Previously this deletion was executed by the thread in which unlock() method was called.
Now, it is executed by the separate thread which handles RELEASE_LOCK_OK from the
coordinator and this is why we have a race condition here. Here is a sequence which leads
to deadlock:
1. Create client lock (lock_id=2)
2. Send GRANT_LOCK (lock_id=2) to coordinator
3. Receive LOCK_GRANTED (lock_id=2) from coordinator
4. Send RELEASE_LOCK (lock_id=2) to coordinator
5. Call look() method in the same thread (new client lock won't be created as there
is an existing entry in the client lock table for this owner)

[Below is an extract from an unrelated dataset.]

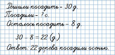 3. Около школы решили посадить 30 деревьев. После осенних посадок осталось посадить ещё 8 деревьев. Сколько деревьев посадили осенью?
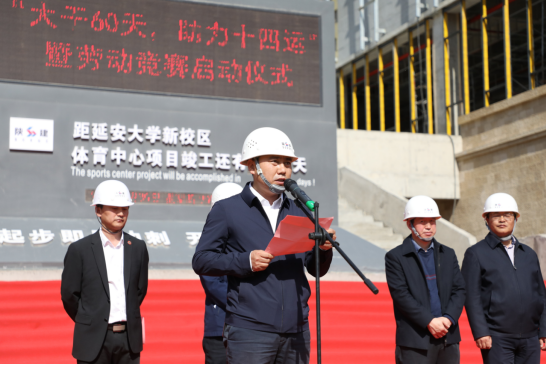 延安大學(xué)黨委委員、副校長(zhǎng)楊偉宏致辭,他代表延安大學(xué)全體師生向疫情期間奮戰(zhàn)在一線的施工人員及陜建集團(tuán)表示衷心感謝,對(duì)十三建公司承建的延大體育中心項(xiàng)目建設(shè)給予充分肯定。他指出,延安大學(xué)體育中心項(xiàng)目作為十四運(yùn)重點(diǎn)建設(shè)項(xiàng)目,意義重大。當(dāng)前,項(xiàng)目建設(shè)進(jìn)入60天倒計(jì)時(shí),希望全體參建人員從延安精神中汲取力量,大力弘揚(yáng)愛崗敬業(yè)、艱苦奮斗的勞模精神,進(jìn)一步統(tǒng)一思想,提高認(rèn)識(shí),鼓足干勁,用一流的速度,一流的品質(zhì),展現(xiàn)陜建集團(tuán)的國(guó)企風(fēng)采和責(zé)任擔(dān)當(dāng),為第十四屆全運(yùn)會(huì)順利召開貢獻(xiàn)力量。

6. Receive RELEASE_LOCK_OK and delete client lock from client lock table.
7. Send GRANT_LOCK (lock_id=2) to coordinator
8. Receive LOCK_GRANTED (lock_id=2) from coordinator
9. No entry in the client lock table. It's not possible to get the thread which needs
to be notified.
I am attaching a simple program which can be used to reproduce and generated logs.